Collected data entries
━━━━━━━━━━

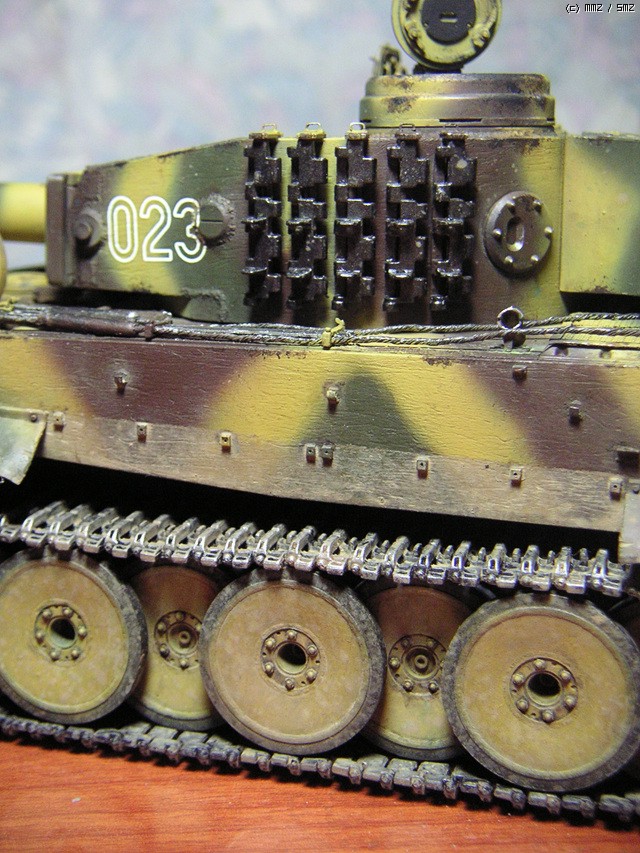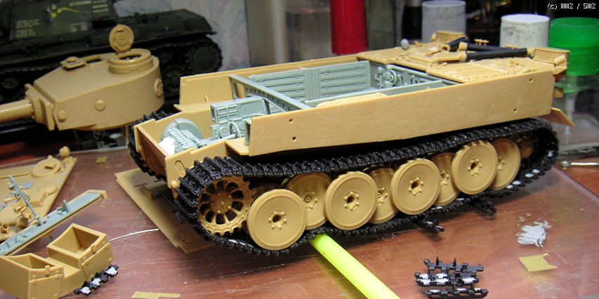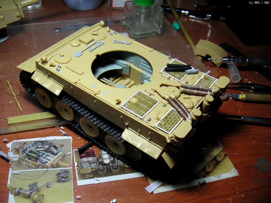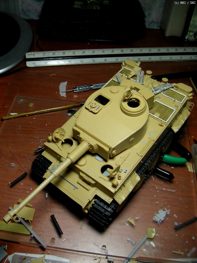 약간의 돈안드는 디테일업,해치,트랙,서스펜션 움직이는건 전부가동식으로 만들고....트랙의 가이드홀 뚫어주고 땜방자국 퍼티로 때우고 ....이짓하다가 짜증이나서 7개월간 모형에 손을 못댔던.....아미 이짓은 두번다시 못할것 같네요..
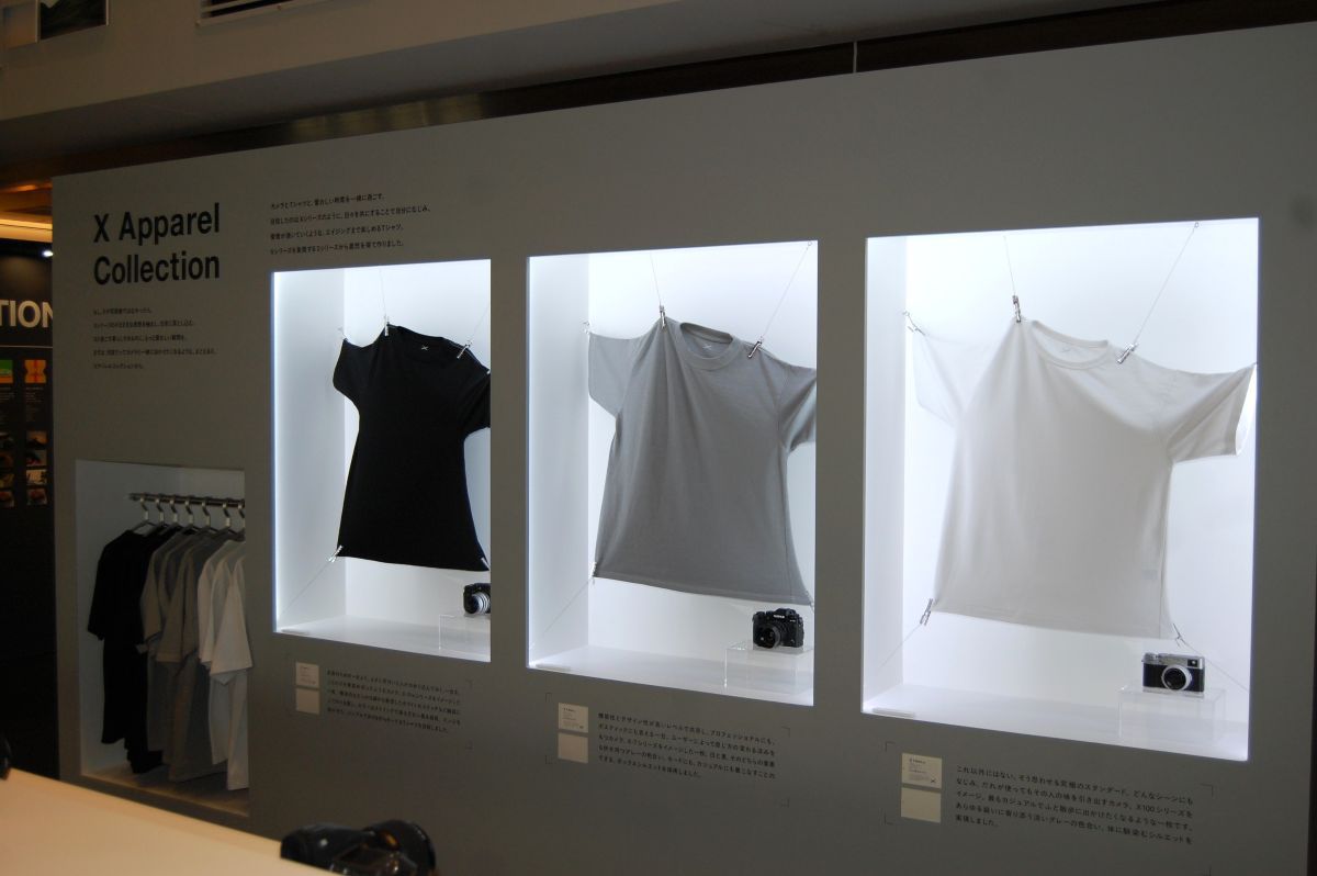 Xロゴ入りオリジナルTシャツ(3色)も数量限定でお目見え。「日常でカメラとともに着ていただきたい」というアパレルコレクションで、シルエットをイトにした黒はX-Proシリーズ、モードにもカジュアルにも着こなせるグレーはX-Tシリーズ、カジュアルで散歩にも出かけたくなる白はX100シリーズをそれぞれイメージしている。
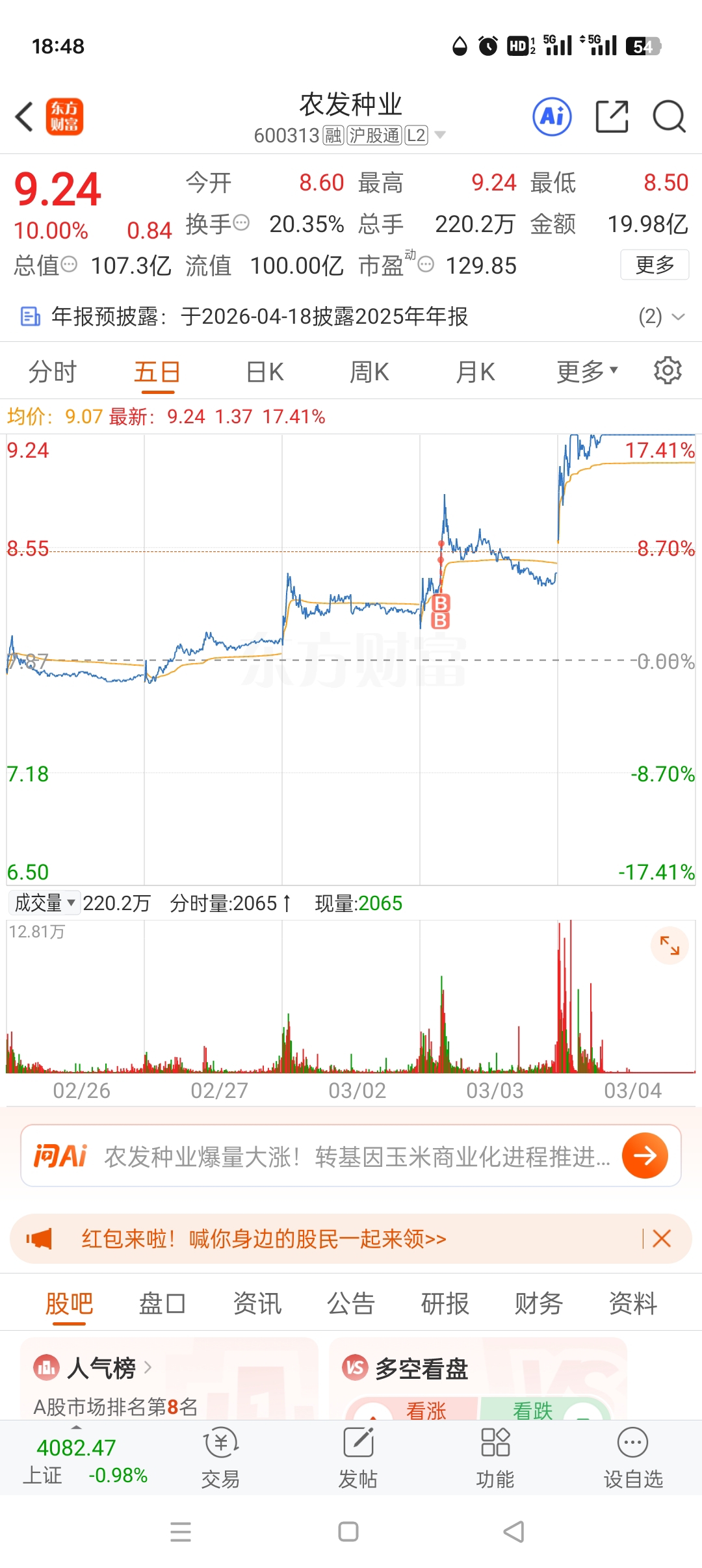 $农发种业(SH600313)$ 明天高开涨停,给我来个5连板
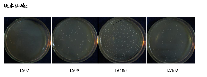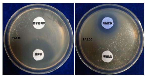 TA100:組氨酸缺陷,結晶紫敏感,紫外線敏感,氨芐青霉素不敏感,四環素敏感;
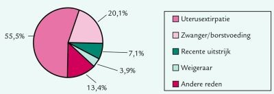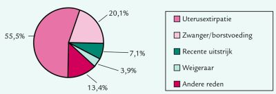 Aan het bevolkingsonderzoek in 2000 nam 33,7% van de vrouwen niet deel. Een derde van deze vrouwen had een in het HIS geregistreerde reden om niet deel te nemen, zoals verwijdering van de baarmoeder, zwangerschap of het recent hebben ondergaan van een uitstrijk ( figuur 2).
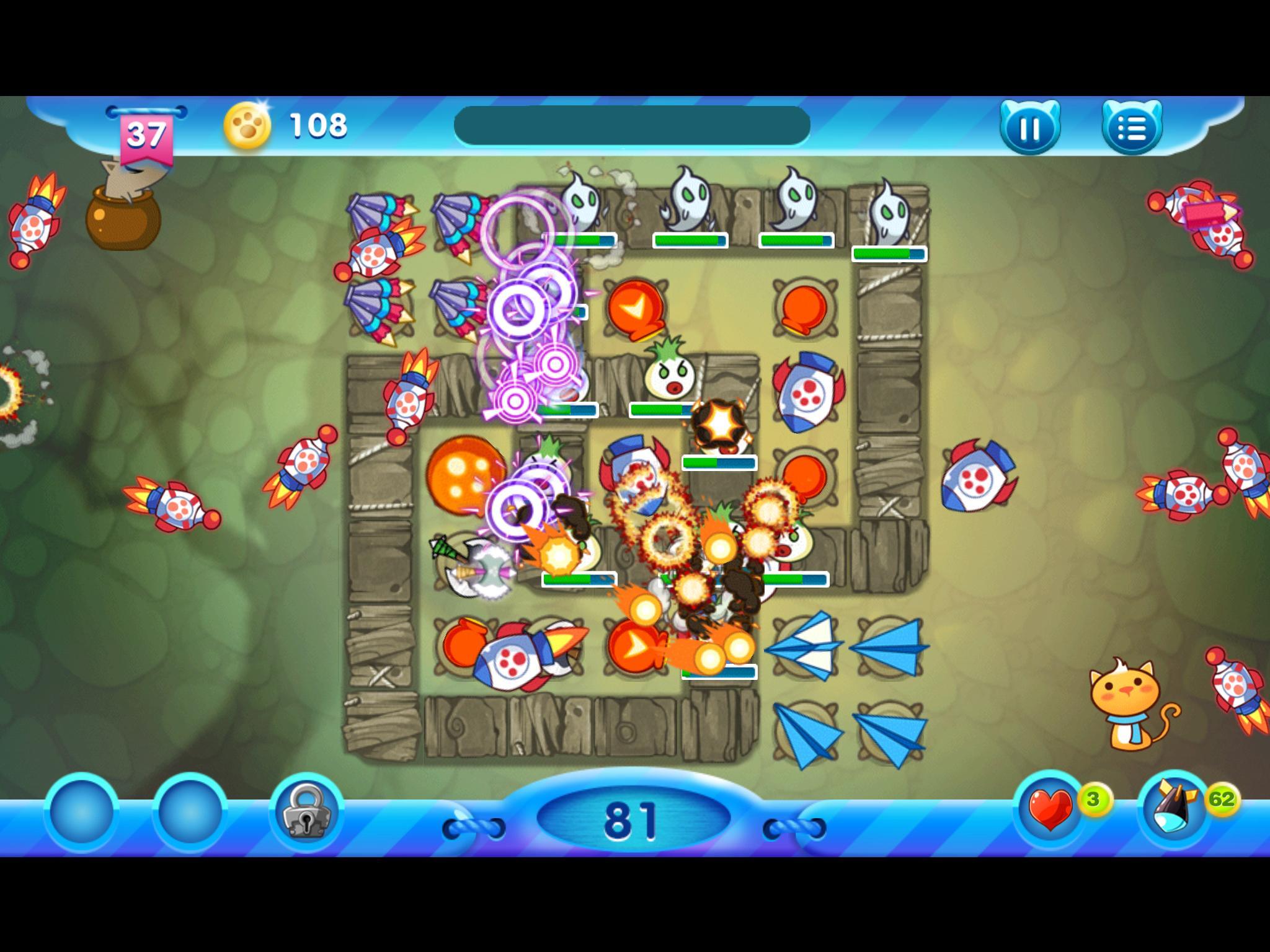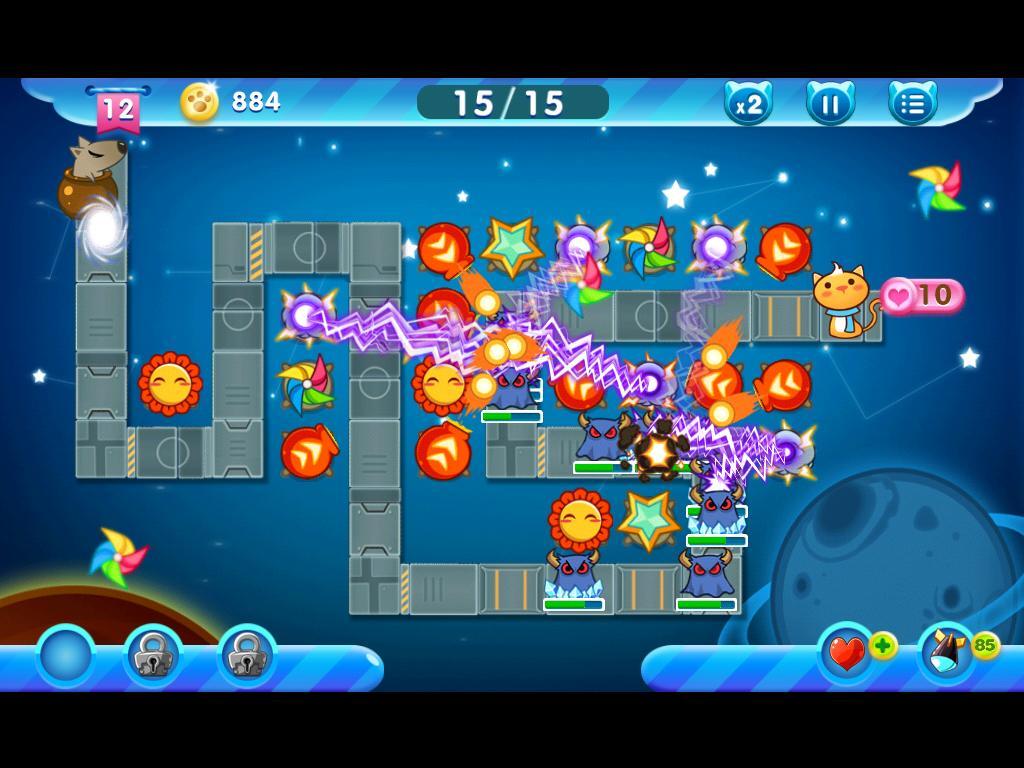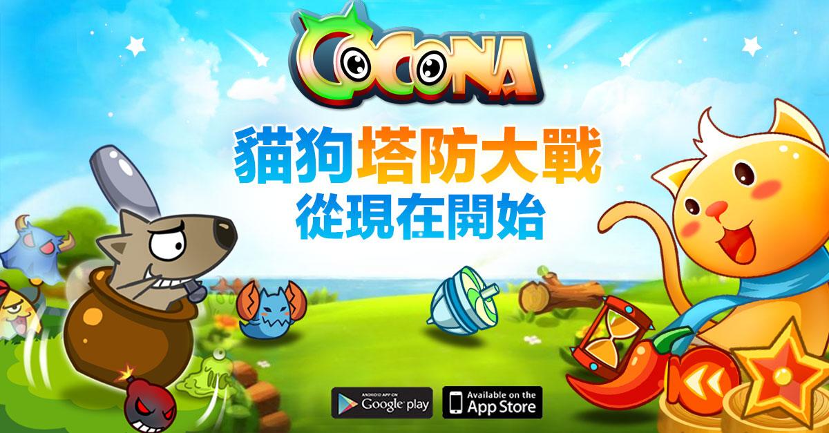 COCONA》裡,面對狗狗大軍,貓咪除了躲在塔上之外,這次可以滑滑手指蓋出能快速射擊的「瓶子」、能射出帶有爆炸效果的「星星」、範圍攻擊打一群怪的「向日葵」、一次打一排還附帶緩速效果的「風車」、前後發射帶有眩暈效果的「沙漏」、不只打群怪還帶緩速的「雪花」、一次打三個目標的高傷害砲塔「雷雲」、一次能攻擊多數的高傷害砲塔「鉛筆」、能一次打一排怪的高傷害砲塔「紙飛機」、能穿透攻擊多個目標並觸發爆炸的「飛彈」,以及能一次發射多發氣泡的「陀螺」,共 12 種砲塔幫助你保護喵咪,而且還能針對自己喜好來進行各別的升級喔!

━━━━━━━━━━

*Task objective:*
Could you restate every record above word for word, dropping the pictures?

*Answer to this exercise:*
 약간의 돈안드는 디테일업,해치,트랙,서스펜션 움직이는건 전부가동식으로 만들고....트랙의 가이드홀 뚫어주고 땜방자국 퍼티로 때우고 ....이짓하다가 짜증이나서 7개월간 모형에 손을 못댔던.....아미 이짓은 두번다시 못할것 같네요..
 Xロゴ入りオリジナルTシャツ(3色)も数量限定でお目見え。「日常でカメラとともに着ていただきたい」というアパレルコレクションで、シルエットをイトにした黒はX-Proシリーズ、モードにもカジュアルにも着こなせるグレーはX-Tシリーズ、カジュアルで散歩にも出かけたくなる白はX100シリーズをそれぞれイメージしている。
 $农发种业(SH600313)$ 明天高开涨停,给我来个5连板
 TA100:組氨酸缺陷,結晶紫敏感,紫外線敏感,氨芐青霉素不敏感,四環素敏感;
 Aan het bevolkingsonderzoek in 2000 nam 33,7% van de vrouwen niet deel. Een derde van deze vrouwen had een in het HIS geregistreerde reden om niet deel te nemen, zoals verwijdering van de baarmoeder, zwangerschap of het recent hebben ondergaan van een uitstrijk ( figuur 2).
 COCONA》裡,面對狗狗大軍,貓咪除了躲在塔上之外,這次可以滑滑手指蓋出能快速射擊的「瓶子」、能射出帶有爆炸效果的「星星」、範圍攻擊打一群怪的「向日葵」、一次打一排還附帶緩速效果的「風車」、前後發射帶有眩暈效果的「沙漏」、不只打群怪還帶緩速的「雪花」、一次打三個目標的高傷害砲塔「雷雲」、一次能攻擊多數的高傷害砲塔「鉛筆」、能一次打一排怪的高傷害砲塔「紙飛機」、能穿透攻擊多個目標並觸發爆炸的「飛彈」,以及能一次發射多發氣泡的「陀螺」,共 12 種砲塔幫助你保護喵咪,而且還能針對自己喜好來進行各別的升級喔!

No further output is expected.